This blog is about the world of gaming miniatures, as seen from my perspective. I've been collecting and painting for over 30 years now, and while my primary focus is miniatures for D&D, I also enjoy many other games that use minis, so we'll be covering those as well. Thanks for stopping by!

Saturday, November 27, 2010

Asheron's Call - A Look Back















It was just after Thanksgiving in 1999 when I took the plunge into MMORPGs via Asheron's Call, better known as AC. I ended up playing AC for six years before walking away from it. I've always thought it was a great game and look back fondly upon my time spent roaming around Dereth. Even though it was not as popular as EQ and UO, I thought it was the best of the bunch. Why?

1) NO ZONING! I tried EQ, and was instantly annoyed by the constant need to zone. Bor-ing. In AC, I could run from one end of Dereth to the other without zoning once. And that included entering towns. Adventuring outdoors in the wide-open spaces was a lot of fun for me over the years.

2) Monthly Updates! Well, it probably wasn't always monthly, but pretty darn close. It was always a treat to see what new content was added - dungeons, items, game tweaks, etc.
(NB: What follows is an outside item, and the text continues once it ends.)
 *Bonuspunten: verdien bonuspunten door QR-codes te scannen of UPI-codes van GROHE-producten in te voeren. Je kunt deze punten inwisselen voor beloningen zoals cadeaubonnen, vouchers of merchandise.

It was these updates that brought "nerf" into my gaming lexicon. The moans and groans from various players over nerfs both real and perceived made for some great forum reading and debating.
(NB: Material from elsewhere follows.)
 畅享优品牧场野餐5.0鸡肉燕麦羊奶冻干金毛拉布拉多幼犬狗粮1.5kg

3) Player-Crafted Items! To be fair, I can't tell you if EQ had anything like this in the game or not, but I seem to recall early on it wasn't available. In AC, players could do a lot, ranging from the mundane (adding dye to color clothes and armor) to the functional (crafting armor & weapons). I was even inspired to do a Covenant Armor write-up that is still live over on AC Vault.

My oldest and most favorite character was my Sho swordsman by the name of Sun Khat-Zan on the Leafcull server. Since I usually played late at night (Pacific time) I spent the bulk of my time solo. That might explain why it took me almost the entire six years of my AC career to reach level 126 on Sun. Shortly after that, I hung up my sword and walked away, never to return.

Despite my affinity for solo play, I met some great people in-game: Mahret, Wolfenstein, Grimbold, Suede Mage, and a host of other characters and players I am forgetting at the moment. Lots of fun in chat, the back and forth banter, and people helping each other out so everyone had fun.

The folks I never understood were the hard-core Red Dots, or PKers. They seemed to think that simply because they were PKers, they were better than everyone else. PKing can be fun, because no AI can replace the cunning and unpredictable human mind. I get that. I don't mean to disparage all Red Dots, because there were a few who were cool - guys who could kick ass in PK, didn't talk stupid amounts of smack, and didn't think they were better than Carebears. The rest? Good riddance.

So yeah, AC was a lot of fun. If I didn't move on to EQII with my D&D cronies, I'm reasonably sure I would have kept on ACing. I'm glad the game is still alive and kicking, and read that the August event was the 100th content update in the game - so a big grats to the devs for reaching that milestone.

I need to poke around and see if I can round up any additional screencaps. In the one above, Sun is sporting one of the first fad combos - the Mattekar hide coat and Olthoi helm (it's very purpley!). In that shot, Sun is somewhere in his early to mid 30's level-wise. The good old days, indeed.